The purpose of this study should be clearly stated at the end of the Introduction.

Reply:

        Thank you for the suggestion. Our study aims to assess the risk of incidental TB following AAV diagnosis. We have revised relevant content at the end of the introduction and hope that will be considered satisfactory.

Page 2, line 61-64 (please refer to revised track version)

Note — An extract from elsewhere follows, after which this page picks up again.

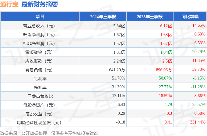 据证券之星公开数据整理,近期通行宝(301339)发布2025年三季报。截至本报告期末,公司营业总收入6.12亿元,同比上升14.65%,归母净利润1.68亿元,同比上升0.6%。按单季度数据看,第三季度营业总收入2.23亿元,同比上升8.31%,第三季度归母净利润6114.02万元,同比上升0.5%。本报告期通行宝公司应收账款体量较大,当期应收账款占最新年报归母净利润比达119.09%。

“Our study aims to assess the risk of incidental TB following AAV diagnosis. Using a novel algorithm [7], we identified patients with granulomatosis with polyangiitis (GPA) and microscopic polyangiitis (MPA) from a national database to evaluate their subsequent TB risk.”

 

Comment 2:

Indicate whether written consent will be provided to participants and how they can opt out of the study.

Reply:

Thank you for the suggestion. Patient consent was waived due to the retrospective nature of this study, and Participant data will be de-identified to ensure anonymity. We hope that will be considered satisfactory. We have added relevant content in “materials and methods” section, and hope that will be considered satisfactory.

Page 2, line 82-84 (please refer to revised track version)

“Classification of Disease, Ninth Revision, Clinical Modification (ICD-9-CM). Patient consent was waived due to the retrospective nature of this study, and Participant data will be de-identified to ensure anonymity. The Research Ethics Committee of China Medical”

 

Comment 3:

A limitation of this study is that actual drug use, which is likely to be associated with the development of TB, was not investigated. A mention of this and a description of future developmental studies is needed.

Reply:

Thank you for the suggestion. We have added relevant content in our “limitation” section, and hope that will be considered satisfactory.

Page 12, line 351-353 (please refer to revised track version)

 

“Fifth, this study does not account for the impact of immunosuppressive agents commonly used in AAV patients, such as steroids, cyclophosphamide, rituximab, azathioprine, or cyclosporine on the risk of subsequent TB. Future developmental studies are needed.”

 

Round 2

Reviewer 1 Report

Comments and Suggestions for Authors

The manuscript has been significantly improved.